The patient had typical features of Alzheimer's disease, including memory loss and hippocampal atrophy, a shrinkage that is an early marker of the disease. But it was difficult for him to accept this result in a teenager, so he had to rule out other possibilities.

“[The study] proposes to pay attention to early-onset Alzheimer's. Exploring the mysteries of young people with this disease may become one of the most challenging scientific questions of the future," the authors said in a statement. This affectation is a rare form of dementia that affects people under 65 years of age and represents between 5 and 10 percent of all cases.

Almost all patients under the age of 30 have pathological genetic mutations, experts explain. To date, the youngest known person diagnosed was a 21-year-old who carried a mutation in the PSEN1 gene, which causes abnormal proteins to accumulate in the brain, forming clumps of toxic plaques,

The Chinese patient, however, differs from previous cases because no genetic alterations were identified.

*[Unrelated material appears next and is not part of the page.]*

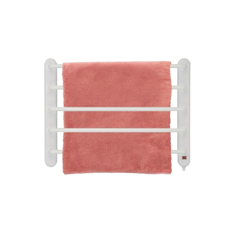 Potência 90WManuseávelFácil instalaçãoDuradouroSeca e aquece as toalhasIndicador luminoso de funcionamentoAcessórios para colocar verticalmente na casa de banhoAcabamento brancoDimensões: 450x600x95mm

None of his family members had a history of Alzheimer's or dementia, and the teen had no other diseases, infections, or head injuries that could explain his sudden cognitive decline.

Two years prior to the hospital consultation, the patient began to have difficulty concentrating in his high school classes. His situation worsened a year later when he began to suffer apparent short-term memory loss, the researchers recall.

She couldn't remember the events of the previous day or where her belongings were stored, and she had difficulty reading. Besides, his reactions were late. His retention ability gradually declined. He often did not remember if he had eaten or not and could not finish his homework. He even had to drop out of school.

Their results were abnormal on the auditory-verbal learning test, a widely used test that assesses losses in immediate recall, short-delay recall after three minutes, and long-delay recall after 30 minutes, say neurologists at Xuanwu Hospital.

The tests suggested that his memory was significantly affected. Her large-scale retention score was 82 percent lower than other teens her age, while her immediate memory score was 87 percent lower.

The researchers believe long-term follow-up is necessary to support the boy's diagnosis, but his medical team assumes the patient is altering his "understanding of the typical age of onset of Alzheimer's," concludes the team led by neurologist Jianping Jia.